In this test circuit we use a 12-volt bipolar power supply. In the NEG input on pin 2 is fixed at 6-volts with a Zener diode connected to the + side of the power supply. We will call this Vref.

On the POS input on pin 3 we connect a potentiometer back to + and GND. This is Vin. If Vin is less than 6-volts the output on pin 7 of the LM741 will be about minus 10-volts. Here we use a 1N4001 diode to protect the LED from excessive reverse voltage.

If we adjust the 10K pot to where Vin is greater than Vref the output on pin 7 goes to about plus 10-volts forward biasing the 1N4001 and turning on the LED.

The disadvantage of using the LM741 is the use of a bipolar power supply.

LM358 based comparator uses single supply
Fig. 2 LM358 based comparator uses
single supply- click picture for full size.

The comparator circuit in Fig. 2 uses a LM358 op-amp instead of the LM741. The LM358 is designed for single supply operation. It does the same thing as Fig. 2 with the addition of Q1 to act as an open collector output driver.

When Vin is less than Vref the output on pin goes to about 10-volts turning on transistor Q1 which turns on the LED. By setting a trip point with the 10K pot one can make an under-voltage indicator.

LM311 based comparator has an open collector output.
Fig. 3 LM311 based comparator has
an open collector output - click picture for full size.

As a rule for comparator inputs with open collector outputs such as the LM339 or LM311 (not the LM358 circuit):

Current WILL flow through the open collector when the voltage at the MINUS input is higher than the voltage at the PLUS input.

Current WILL NOT flow through the open collector when the voltage at the MINUS input is lower than the voltage at the PLUS input.

Fig. 4 uses a LM311 comparator specifically designed to be ONLY a comparator - all the external parts in Fig. 3 minus the LED circuit, pot, Zener. Its feedback and input resistors are internal. It operates identical to the LM358 circuit.

The external 4.7K resistor is used for interfacing to digital logic by producing a HIGH or 12-volts out when the LM311 is turned off. This is how digital circuits "communicate" with resistive sensors. Setting Vref to a known point and checking the output tell us when Vin is greater than Vref.

LM339 comparator over voltage alarm using opto-coupler to sound horn.
Fig. 4 LM339 comparator over voltage alarm
using opto-coupler to sound horn - click picture for full size.

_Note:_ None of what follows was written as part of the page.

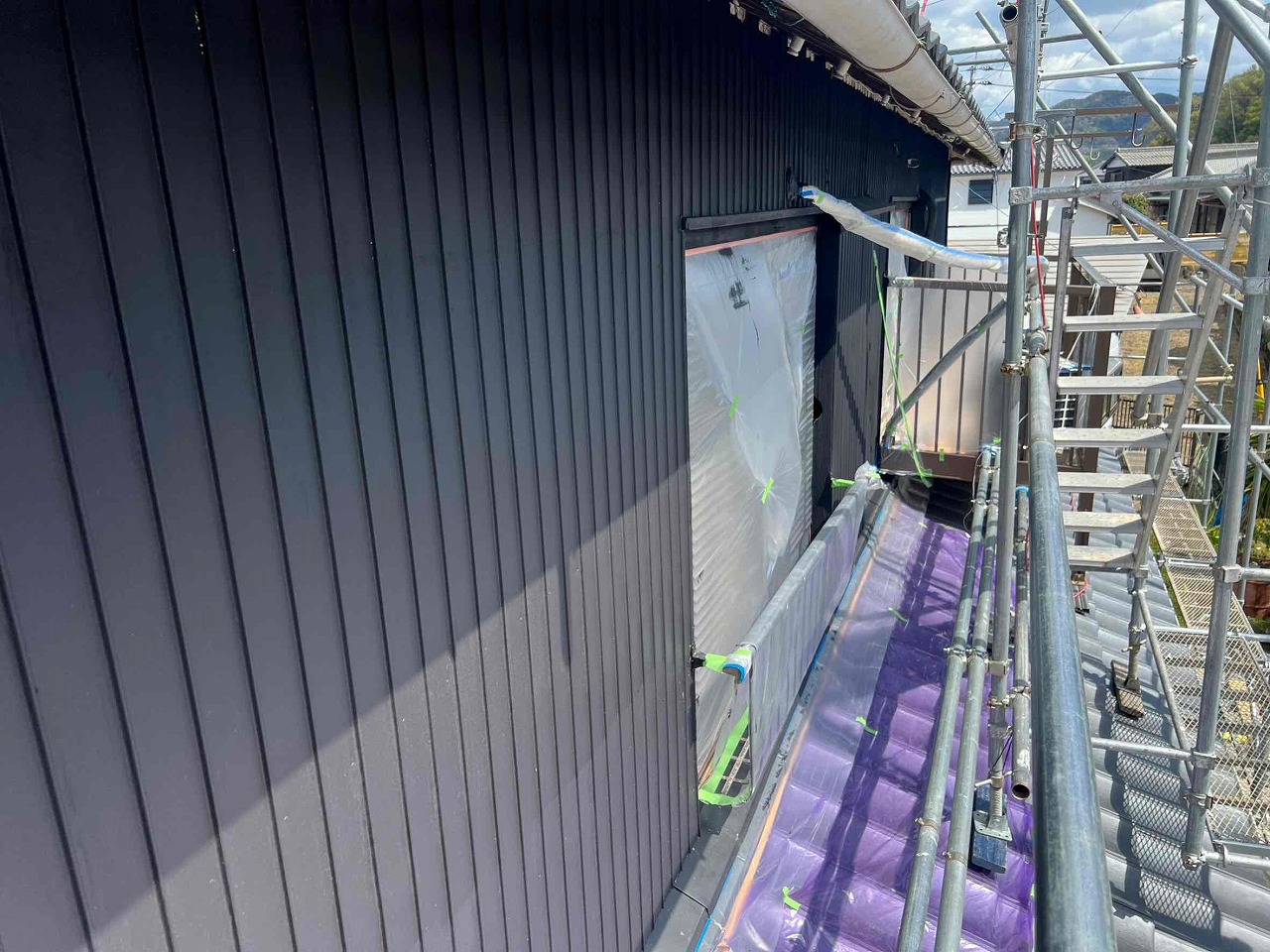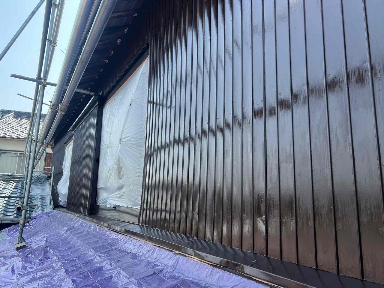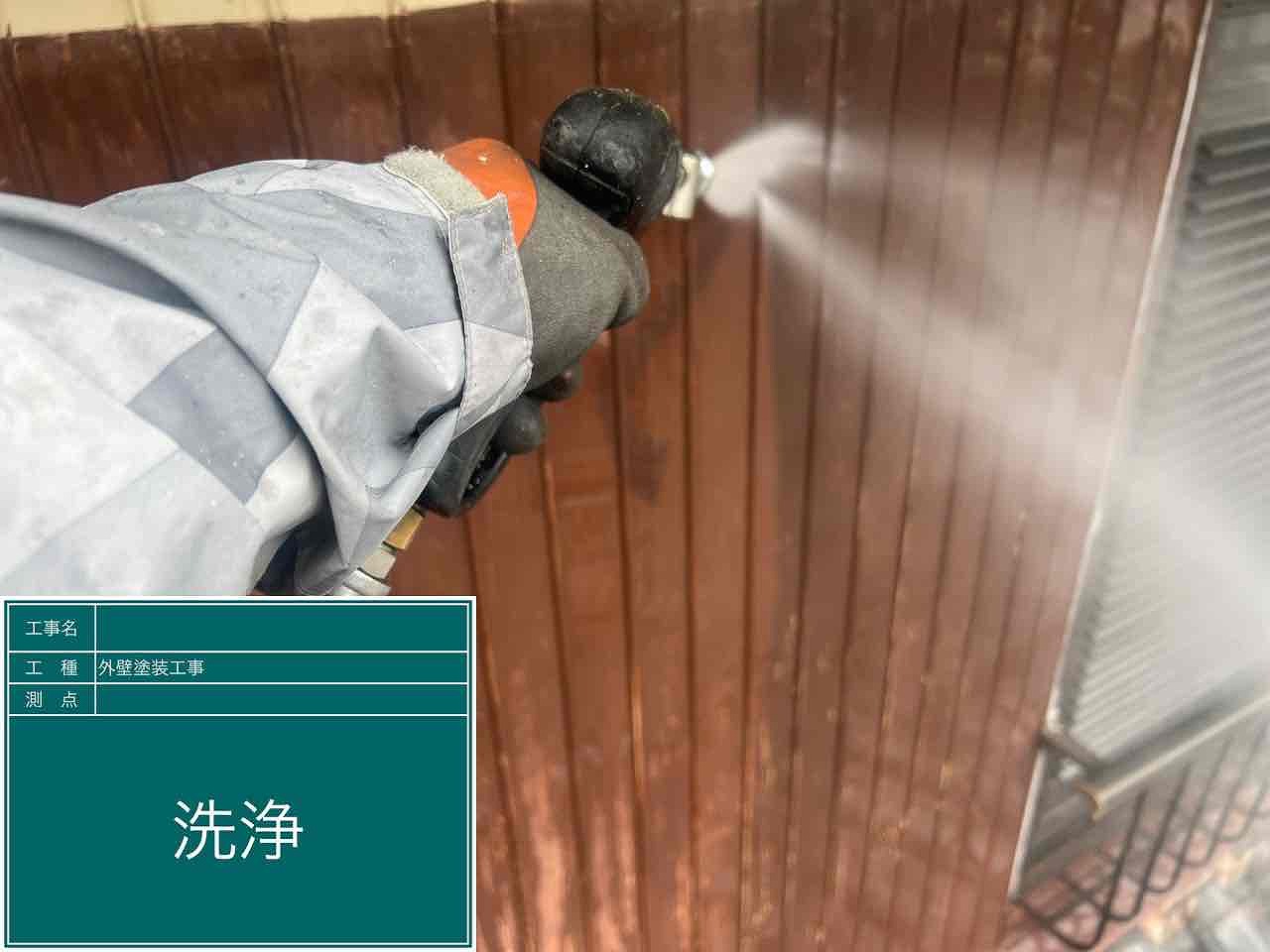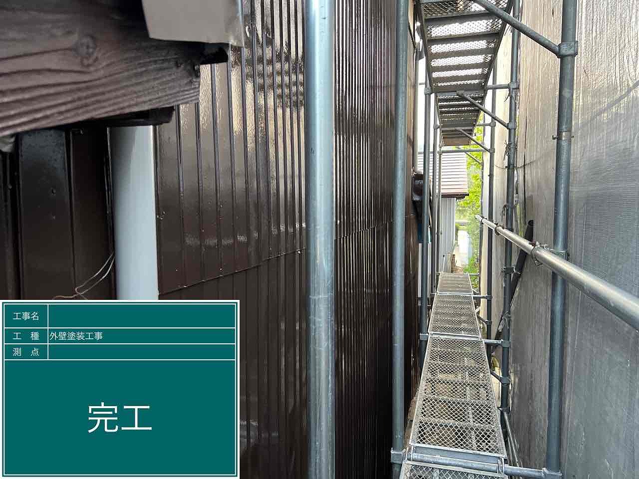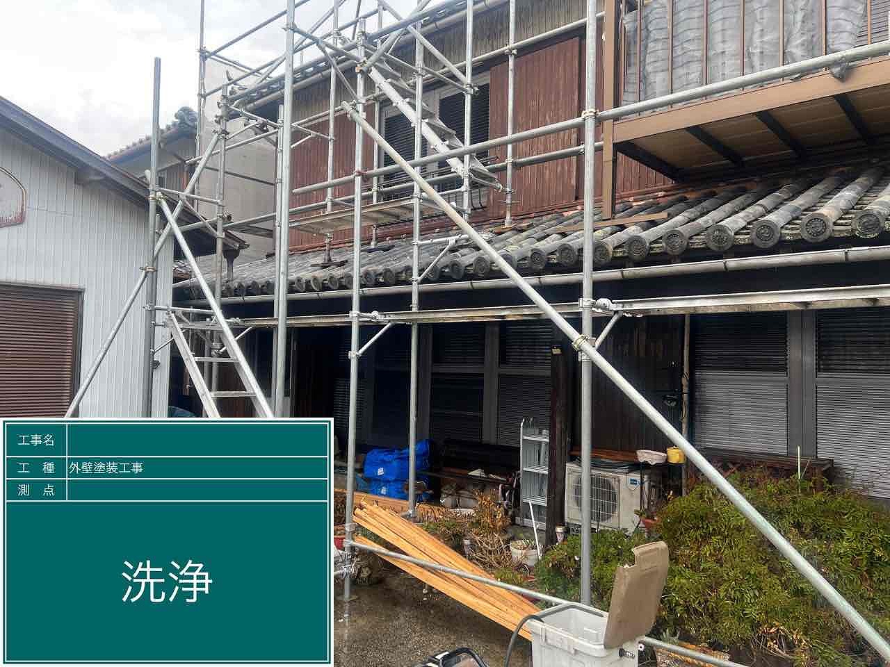 1.足場設置 2.高圧洗浄 3.養生 4.外壁塗装3回塗り 5足場解体 6.完工

In Fig. 5 we are using a one of four LM339 quad comparators to sound a horn if Vin goes too high due to Vcc going over 12-volts. The LM339 is equal to 4 LM311s in a single package with common power and GRD connections for all 4 comparators. See Fig. 1 above.

This circuit is useful in say an automobile charging system regulator that fails dumping excessive voltage into system ruining the battery and electronics. Here I used a 4N25 opto-coupler to drive a low power buzzer or horn - the current capacity of the comparator output is low while the opto-coupler is much higher.

See LM339 spec sheet.

LM339 comparator driving relay with external PNP transistor
Fig. 5 LM339 comparator driving relay with
external PNP transistor - click picture for full size.

In Fig. 6 we use an external PNP bipolar transistor to drive a relay. When the open collector output of the comparator is turned on current flows through the 1K resistor and the base-emitter junction turning on the transistor completing the circuit for relay K1 and the LED on indicator.

LM339 comparator uses CdS photocell to control night light.
Fig. 6 LM339 comparator uses CdS photocell
to control night light - click picture for full size.

Now we use a LM339 to construct a "night light". The Zener diode has been replaced by a CdS photocell that decreases in resistance in proportion to increasing light levels. As the resistance of R2 decreases in daylight Vref is higher than Vin thus the comparator id off.

As light levels drop R2 increases resistance with Vref falling below Vin turning on a relay though an opto-coupler to turn on lights or whatever. The very same PNP circuit in Fig. 6 would also work. Use the 10K pot to set the trip-on point.

As a final note R1 and R2 can be reversed for the opposite effect. Say turn off a blower motor in a green house as the sun goes down. The photocell could be replaced by a thermistor for temperature.